June 2, 2024
Active Imagination: Engaging with Your Unconscious Mind
Jung wrote in The Red Book: “I lived into the depths, and the depths began to speak.”
That’s active imagination in one sentence. You go in. And something talks back.
Jung developed this technique between 1913 and 1916, during what was arguably the most psychologically turbulent period of his life. He wasn’t theorizing. He was surviving. And what he found was a way to have a direct, conscious dialogue with the unconscious—to let its contents translate into images, narratives, and figures that the waking mind can engage with.
Here’s how it works in practice. You start by quieting the conscious mind. Not emptying it—just calming the noise. Then you let an image arise. A dream fragment. A feeling that won’t let go. A spontaneous fantasy. You don’t chase it. You let it come to you.

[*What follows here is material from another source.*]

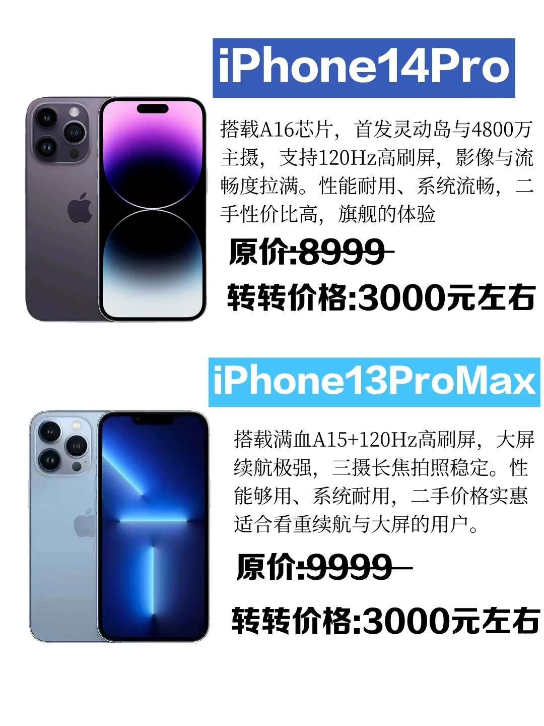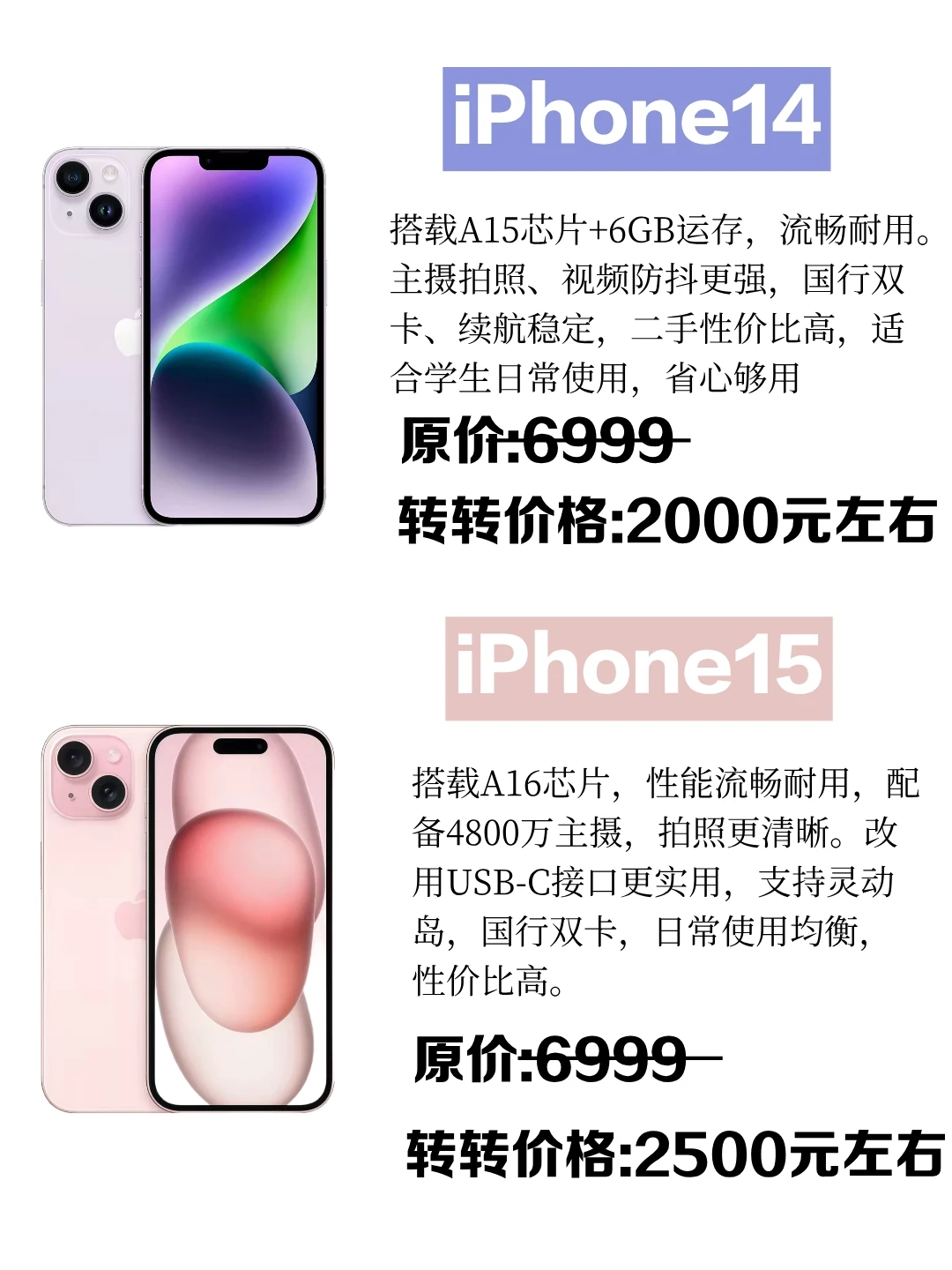 理由:二手市场“性价比之王”。A15芯片性能依旧够用,支持5G和IP68防水。相比13,主摄加入传感器位移防抖,续航也更强。适合作为备用机、学生机或给长辈使用。

Once it’s there, you engage with it. Not by analyzing it from a safe distance, but by entering it. You might write down what you see. Paint it. Sculpt it. Let it express itself in whatever medium feels right. The goal is to give form to something that was previously formless without altering it to fit your expectations.
Then comes the part that makes this different from daydreaming: you interact with it. You ask questions. You challenge the inner figures. You make decisions within the fantasy. You stay conscious and engaged while the unconscious reveals itself.

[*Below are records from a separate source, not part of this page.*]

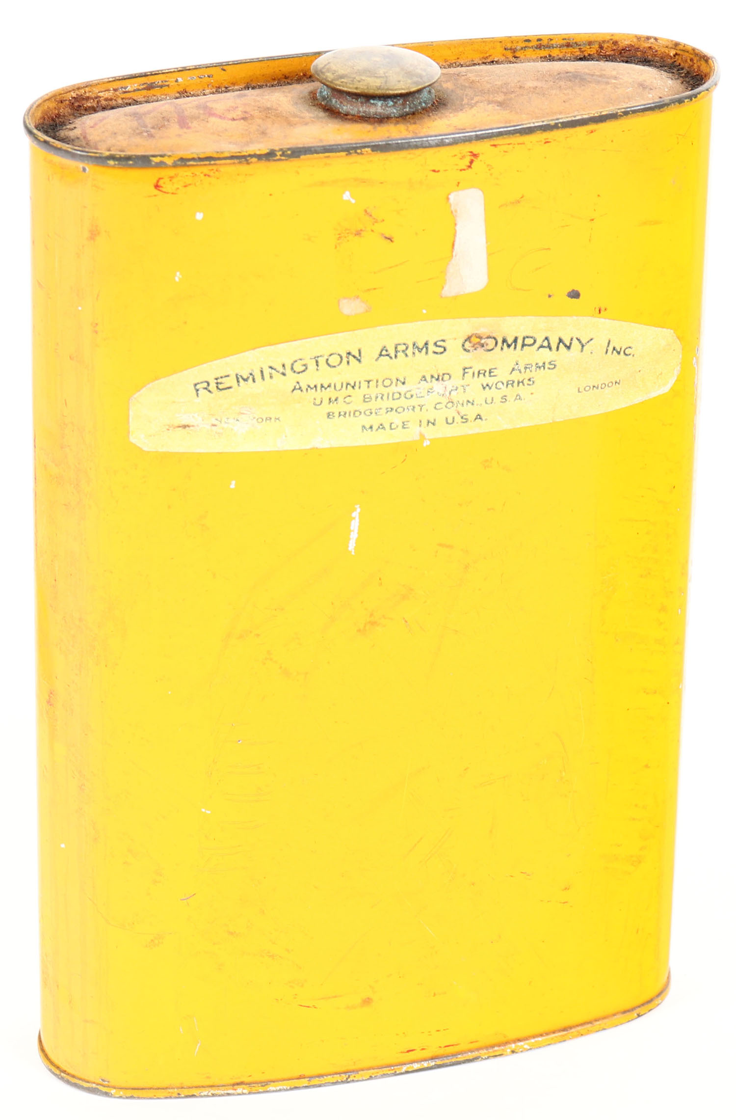 Remington Arms Co. Gunpowder tin, partial, orange tin with small white label, some scuffing but still solid. Grade: Very Good ++ - Value: 40 to 150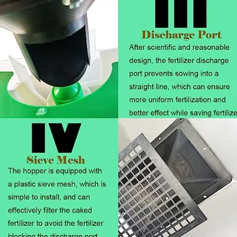 - Evenly Fertilizing:The rotating fan blade can spread the fertilizer evenly and quickly to the field at high speed, and the working efficiency is high, Plastic material.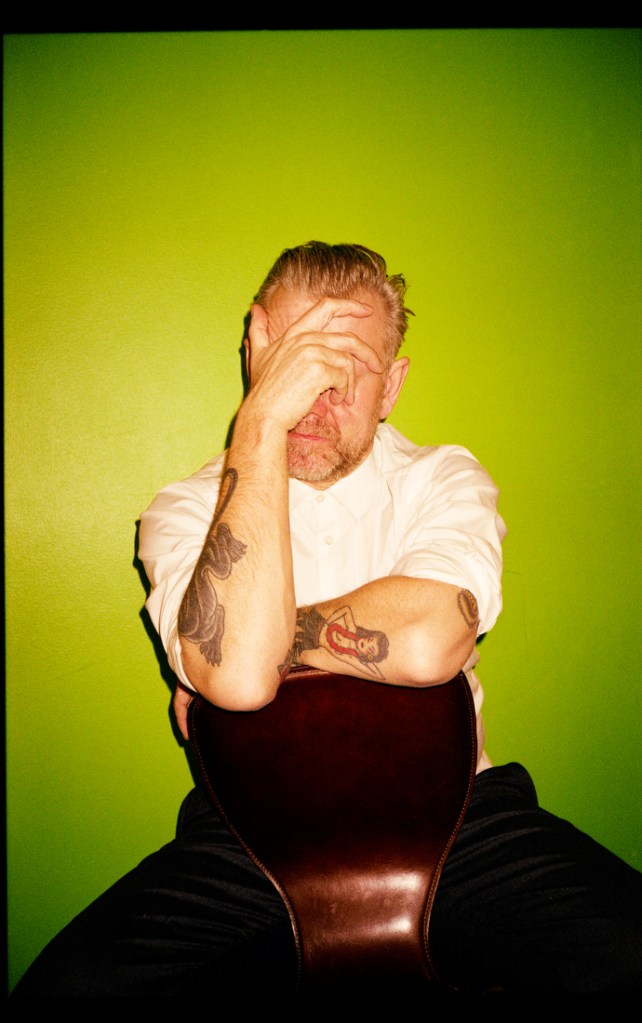 Og så så jeg et billede forleden dag, der blev taget for halvandet år siden, hvor jeg bare står i en t-shirt og ser virkelig trist ud, og så har jeg den der åndssvage sorte brille med næse og overskæg på, det der Grucho Marx-skæg, men næsen er en pik. På en eller anden måde var det så plat og så dumt, men samtidig samlede det også min karriere en lille smule op. Det lidt for voldsomme og vulgære i pikken, de her briller, som var mit trade-mark, da jeg var ung, min fascination af Marx Brothers med overskægget, og så den her voksne mand i en hvid t-shirt. Det var et godt billede, fordi det ligesom beskrev mig og min karriere.

The final step—and this is crucial—is bringing what you’ve discovered back into your life. Active imagination isn’t an escape from reality. It’s a way of making reality richer, more honest, more complete. The insights you gain mean nothing if they stay in the imagination.

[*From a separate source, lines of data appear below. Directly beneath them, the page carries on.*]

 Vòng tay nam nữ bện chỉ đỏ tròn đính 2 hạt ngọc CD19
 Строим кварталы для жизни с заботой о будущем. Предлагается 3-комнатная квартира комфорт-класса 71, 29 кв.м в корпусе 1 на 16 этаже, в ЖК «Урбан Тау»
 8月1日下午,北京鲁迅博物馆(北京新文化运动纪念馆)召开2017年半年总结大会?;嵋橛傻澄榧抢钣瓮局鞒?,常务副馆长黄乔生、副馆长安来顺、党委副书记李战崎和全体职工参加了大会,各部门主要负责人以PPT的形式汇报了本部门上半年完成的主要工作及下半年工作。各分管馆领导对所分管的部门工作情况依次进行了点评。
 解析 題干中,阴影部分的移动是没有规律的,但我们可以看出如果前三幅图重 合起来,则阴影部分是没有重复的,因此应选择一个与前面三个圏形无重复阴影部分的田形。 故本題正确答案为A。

A word of caution: this work goes deep. If your ego isn’t stable, if you’re in a fragile state, active imagination can be overwhelming. The unconscious doesn’t always show you pleasant things. Having a coach or therapist alongside you isn’t weakness—it’s wisdom. The unconscious deserves respect, and respect means approaching it prepared.
But when you do? When you sit down, go in, and let the depths speak? What comes back can change the way you understand yourself entirely.